-------- Data to process
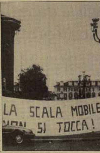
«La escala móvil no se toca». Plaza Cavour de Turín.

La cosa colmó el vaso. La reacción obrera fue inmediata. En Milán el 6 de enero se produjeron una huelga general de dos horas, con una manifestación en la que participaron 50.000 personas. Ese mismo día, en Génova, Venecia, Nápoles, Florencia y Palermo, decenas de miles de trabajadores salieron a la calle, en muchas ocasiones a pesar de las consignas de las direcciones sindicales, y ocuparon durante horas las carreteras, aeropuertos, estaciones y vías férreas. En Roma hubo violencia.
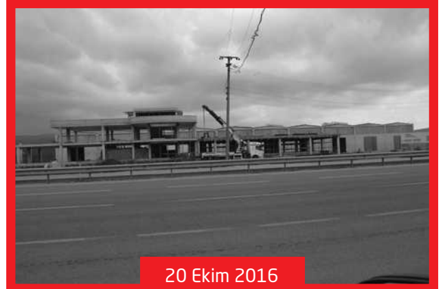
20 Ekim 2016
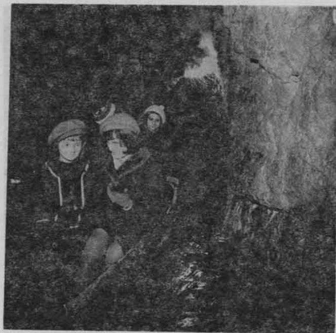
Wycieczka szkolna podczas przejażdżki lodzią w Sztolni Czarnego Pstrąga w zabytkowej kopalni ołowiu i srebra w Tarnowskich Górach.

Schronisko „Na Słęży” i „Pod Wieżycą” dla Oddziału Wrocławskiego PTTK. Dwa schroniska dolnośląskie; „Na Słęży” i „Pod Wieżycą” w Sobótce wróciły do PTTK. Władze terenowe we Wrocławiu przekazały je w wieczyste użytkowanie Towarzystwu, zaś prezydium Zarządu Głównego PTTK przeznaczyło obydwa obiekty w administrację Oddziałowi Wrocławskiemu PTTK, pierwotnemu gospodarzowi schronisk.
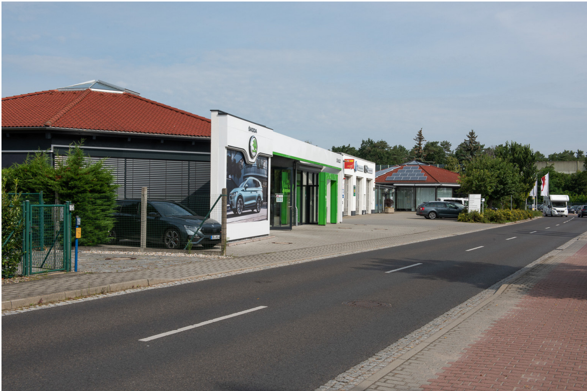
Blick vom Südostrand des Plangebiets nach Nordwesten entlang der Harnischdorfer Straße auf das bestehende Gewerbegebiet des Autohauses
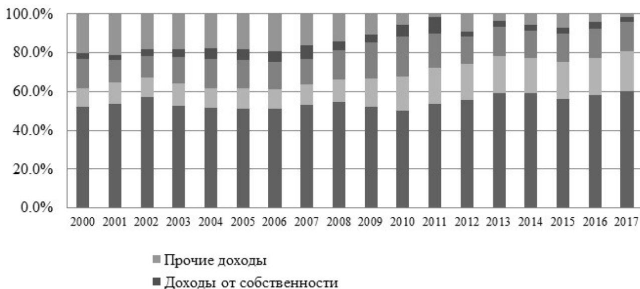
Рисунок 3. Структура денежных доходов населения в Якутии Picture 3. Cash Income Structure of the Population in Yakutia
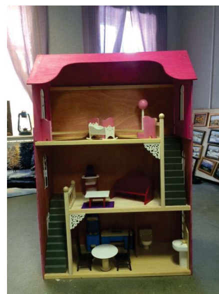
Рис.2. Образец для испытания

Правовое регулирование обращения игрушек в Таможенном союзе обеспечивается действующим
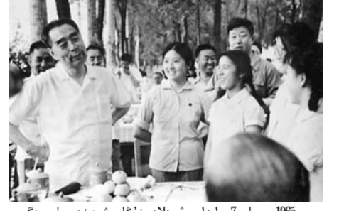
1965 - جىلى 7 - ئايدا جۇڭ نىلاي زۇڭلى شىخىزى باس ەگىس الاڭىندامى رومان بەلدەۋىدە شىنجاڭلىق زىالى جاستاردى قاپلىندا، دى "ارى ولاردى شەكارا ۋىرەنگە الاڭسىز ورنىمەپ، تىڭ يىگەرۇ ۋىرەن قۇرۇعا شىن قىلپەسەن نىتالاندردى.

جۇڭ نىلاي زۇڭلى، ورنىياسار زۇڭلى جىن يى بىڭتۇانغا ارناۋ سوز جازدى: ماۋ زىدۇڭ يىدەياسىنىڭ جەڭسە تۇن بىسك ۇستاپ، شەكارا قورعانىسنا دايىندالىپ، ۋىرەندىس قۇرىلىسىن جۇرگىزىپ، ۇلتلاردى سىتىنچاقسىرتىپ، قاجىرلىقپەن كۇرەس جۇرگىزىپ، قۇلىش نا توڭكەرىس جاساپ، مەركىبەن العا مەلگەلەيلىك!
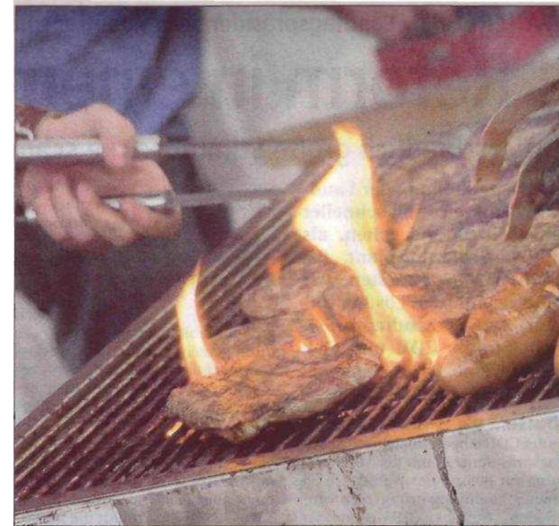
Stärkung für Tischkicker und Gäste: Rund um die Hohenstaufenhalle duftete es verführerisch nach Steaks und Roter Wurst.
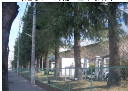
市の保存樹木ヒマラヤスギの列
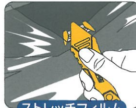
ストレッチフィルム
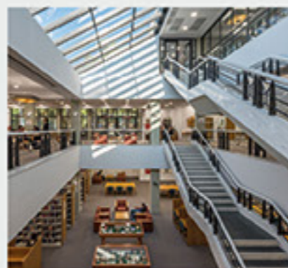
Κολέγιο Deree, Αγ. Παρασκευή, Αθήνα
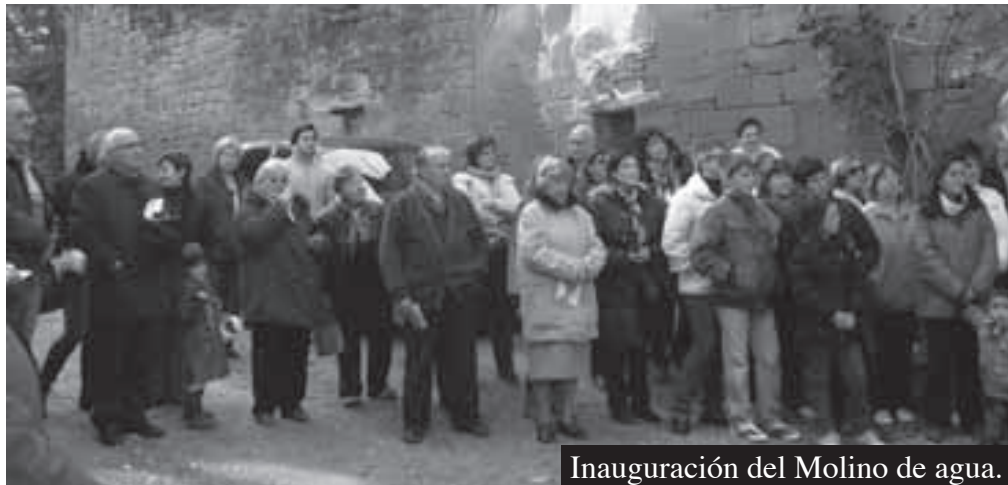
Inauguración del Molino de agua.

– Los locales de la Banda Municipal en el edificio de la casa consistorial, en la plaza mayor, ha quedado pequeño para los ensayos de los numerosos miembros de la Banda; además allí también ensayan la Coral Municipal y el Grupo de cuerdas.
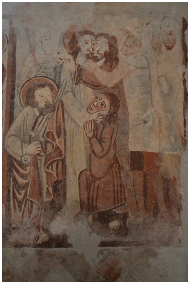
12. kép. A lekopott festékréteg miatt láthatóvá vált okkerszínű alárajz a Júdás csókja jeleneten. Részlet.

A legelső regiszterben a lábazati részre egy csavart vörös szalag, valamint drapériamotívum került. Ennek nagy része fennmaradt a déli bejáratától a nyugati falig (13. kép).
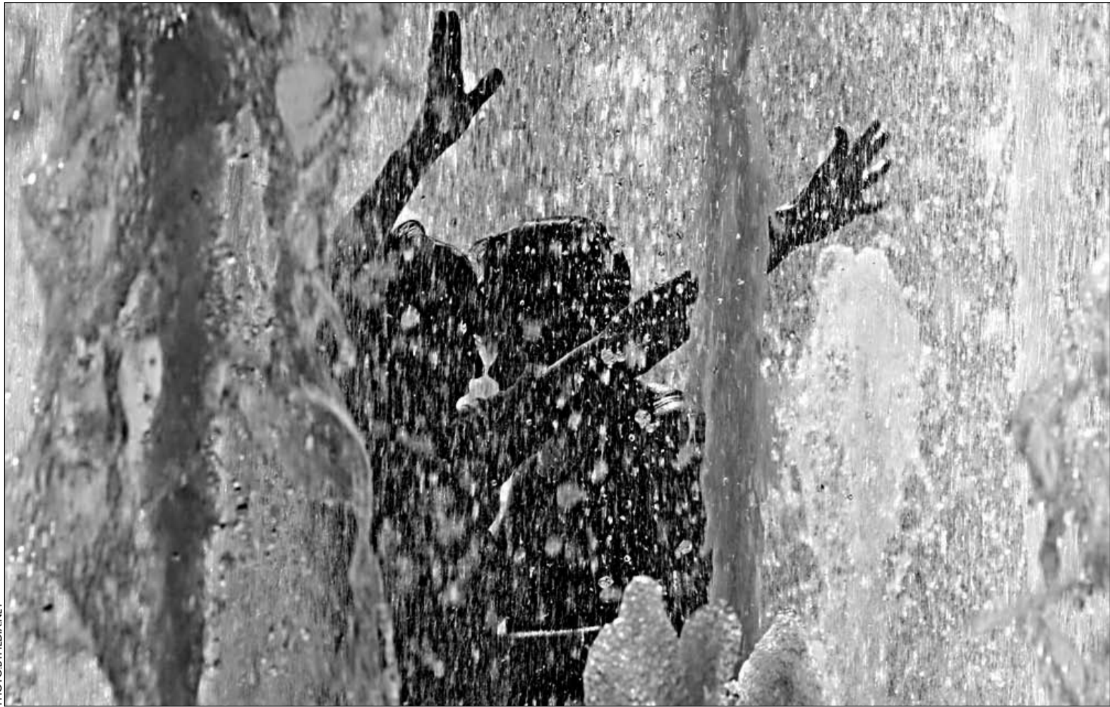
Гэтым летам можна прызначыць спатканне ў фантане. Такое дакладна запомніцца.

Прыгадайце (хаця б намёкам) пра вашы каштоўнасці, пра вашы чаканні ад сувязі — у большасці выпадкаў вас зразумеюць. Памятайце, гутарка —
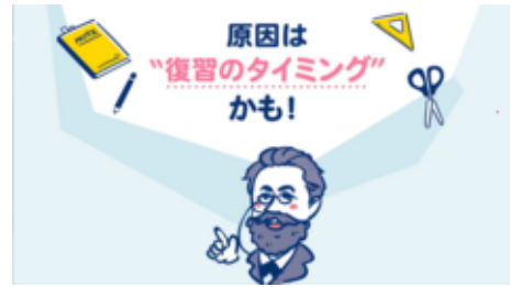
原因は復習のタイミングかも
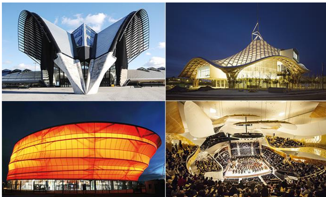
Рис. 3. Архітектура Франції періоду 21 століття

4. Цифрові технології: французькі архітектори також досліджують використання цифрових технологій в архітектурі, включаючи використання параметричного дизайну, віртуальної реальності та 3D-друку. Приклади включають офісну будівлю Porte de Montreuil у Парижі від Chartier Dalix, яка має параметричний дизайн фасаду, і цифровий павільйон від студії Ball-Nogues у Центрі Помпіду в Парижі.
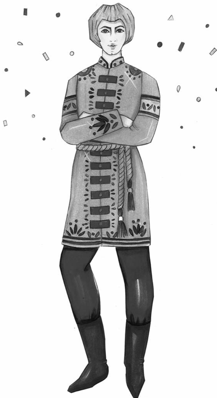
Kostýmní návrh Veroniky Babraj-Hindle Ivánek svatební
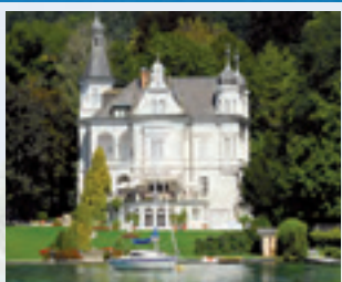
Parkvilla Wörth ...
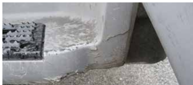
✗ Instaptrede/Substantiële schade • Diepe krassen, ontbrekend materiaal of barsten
----------------
> [Work instructions]: For this exercise, reproduce exactly the lines of the records above from the one with "Рис.2. Образец для испытания" up to and including the one with "Рис. 3. Архітектура", without pictures.

> [Output for this task]:
Рис.2. Образец для испытания

Правовое регулирование обращения игрушек в Таможенном союзе обеспечивается действующим
1965 - جىلى 7 - ئايدا جۇڭ نىلاي زۇڭلى شىخىزى باس ەگىس الاڭىندامى رومان بەلدەۋىدە شىنجاڭلىق زىالى جاستاردى قاپلىندا، دى "ارى ولاردى شەكارا ۋىرەنگە الاڭسىز ورنىمەپ، تىڭ يىگەرۇ ۋىرەن قۇرۇعا شىن قىلپەسەن نىتالاندردى.

جۇڭ نىلاي زۇڭلى، ورنىياسار زۇڭلى جىن يى بىڭتۇانغا ارناۋ سوز جازدى: ماۋ زىدۇڭ يىدەياسىنىڭ جەڭسە تۇن بىسك ۇستاپ، شەكارا قورعانىسنا دايىندالىپ، ۋىرەندىس قۇرىلىسىن جۇرگىزىپ، ۇلتلاردى سىتىنچاقسىرتىپ، قاجىرلىقپەن كۇرەس جۇرگىزىپ، قۇلىش نا توڭكەرىس جاساپ، مەركىبەن العا مەلگەلەيلىك!
Stärkung für Tischkicker und Gäste: Rund um die Hohenstaufenhalle duftete es verführerisch nach Steaks und Roter Wurst.
市の保存樹木ヒマラヤスギの列
ストレッチフィルム
Κολέγιο Deree, Αγ. Παρασκευή, Αθήνα
Inauguración del Molino de agua.

– Los locales de la Banda Municipal en el edificio de la casa consistorial, en la plaza mayor, ha quedado pequeño para los ensayos de los numerosos miembros de la Banda; además allí también ensayan la Coral Municipal y el Grupo de cuerdas.
12. kép. A lekopott festékréteg miatt láthatóvá vált okkerszínű alárajz a Júdás csókja jeleneten. Részlet.

A legelső regiszterben a lábazati részre egy csavart vörös szalag, valamint drapériamotívum került. Ennek nagy része fennmaradt a déli bejáratától a nyugati falig (13. kép).
Гэтым летам можна прызначыць спатканне ў фантане. Такое дакладна запомніцца.

Прыгадайце (хаця б намёкам) пра вашы каштоўнасці, пра вашы чаканні ад сувязі — у большасці выпадкаў вас зразумеюць. Памятайце, гутарка —
原因は復習のタイミングかも
Рис. 3. Архітектура Франції періоду 21 століття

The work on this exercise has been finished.